Ensuring data quality is essential for its effective use in practice. The paper proposes a model to detect the invalid data in the AFC dataset, caused by the erroneous association between fare machines and stations (e.g., due to delayed updating dictionaries or incorrect data merging). It combines tensor decomposition, isolation forest, and NN methods to detect the invalid associations in the recorded dataset and infer the correct association station that a fare machine belongs to.

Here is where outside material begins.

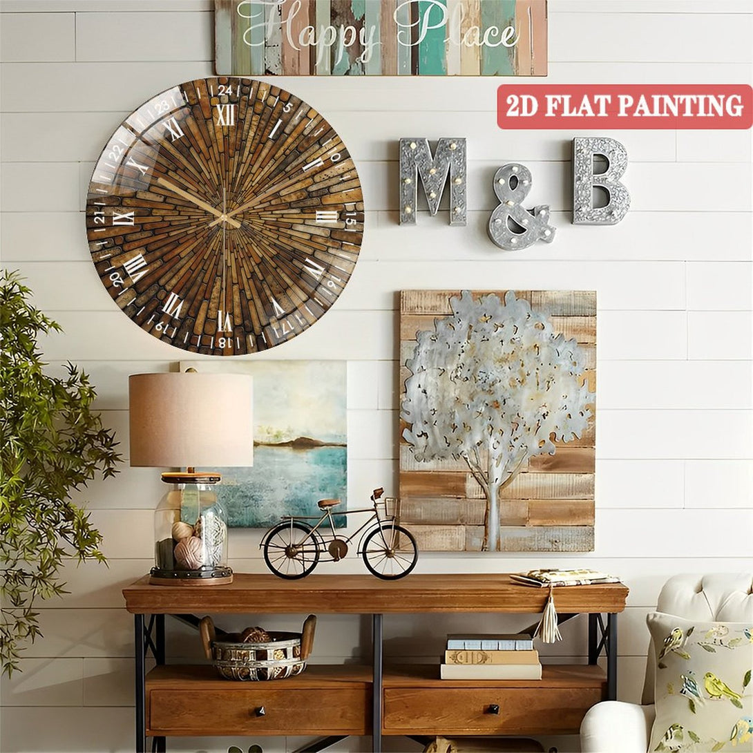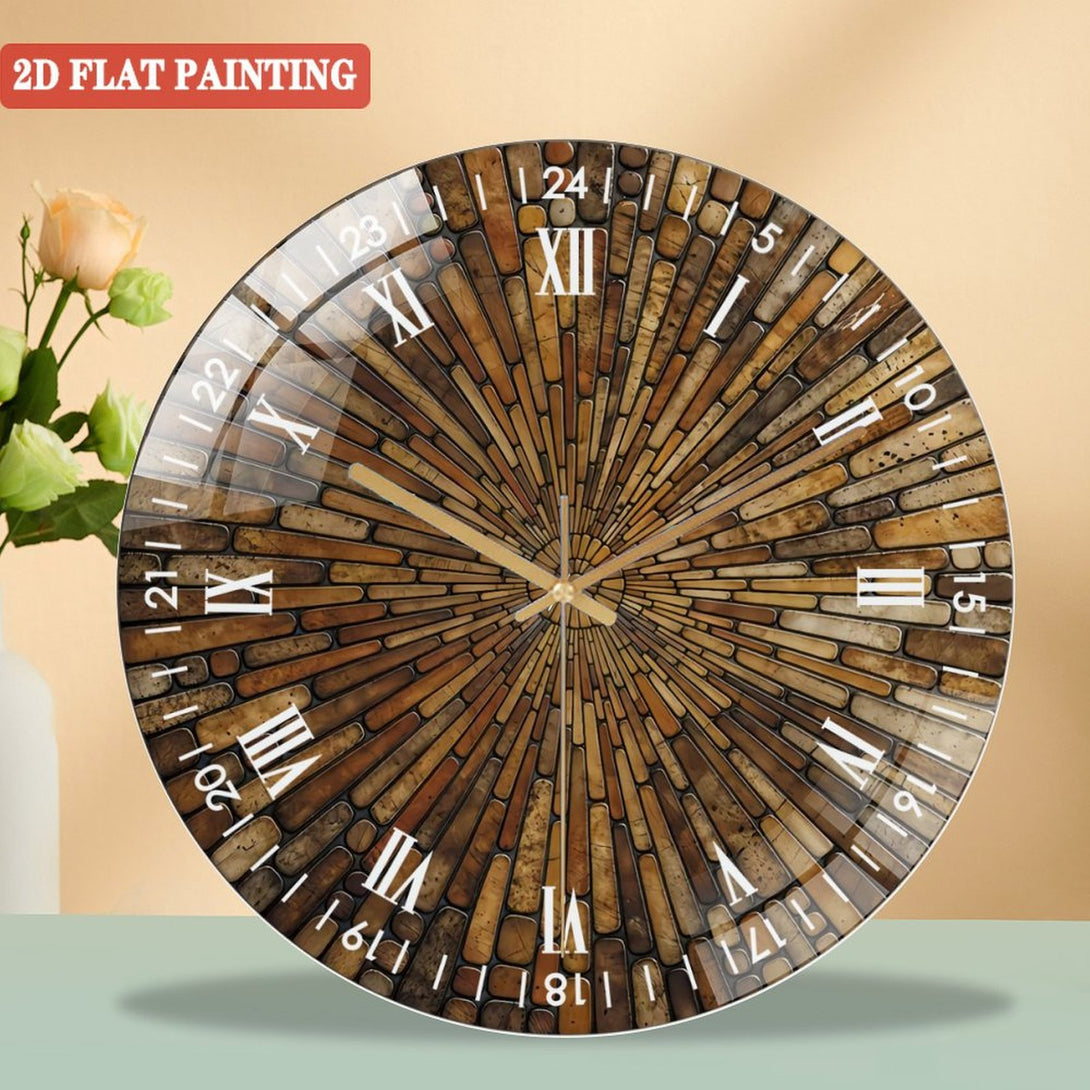 Tempered Glass Wall Art Round Glass Wall Clock, Stained Look Round Wall Art Gift Decor Wall Clock for Homes, Bars, Offices, Man Caves, Garages, And Living Rooms.

The model is validated using the AFC data in a busy metro system. The experiment results show that the invalid association can be detected with more than 90% accuracy when the invalid association ratio is low. Also, the model is robust to invalid associations and it can still achieve 69.62% accuracy in the extreme case when the invalid association ratio is 55%. The association station inference results indicate that the top 3 inferred stations from the model are highly likely to include the correctly associated station of the studied fare machine (around 90%). This provides an important implication for further field investigations to these probable stations in practice.

The proposed model provides useful knowledge for the AFC data management in terms of data quality check and fixing invalid data. Though the study focuses on the invalid data detection problem, the model is general and can be generalized to inference applications, e.g., inferring the alighting stations for the bus system having only the boarding records. As the extracted MRF features are meaningful, further studies could focus on the analysis based on the MRF features, for example, analysing the different utilization of fare machines in different gates of the same station to improve the infrastructure efficiency.

#### Data Availability

The AFC data used to support the findings of this study are available from the corresponding author upon request.

#### Conflicts of Interest

The authors declare that they have no conflicts of interest.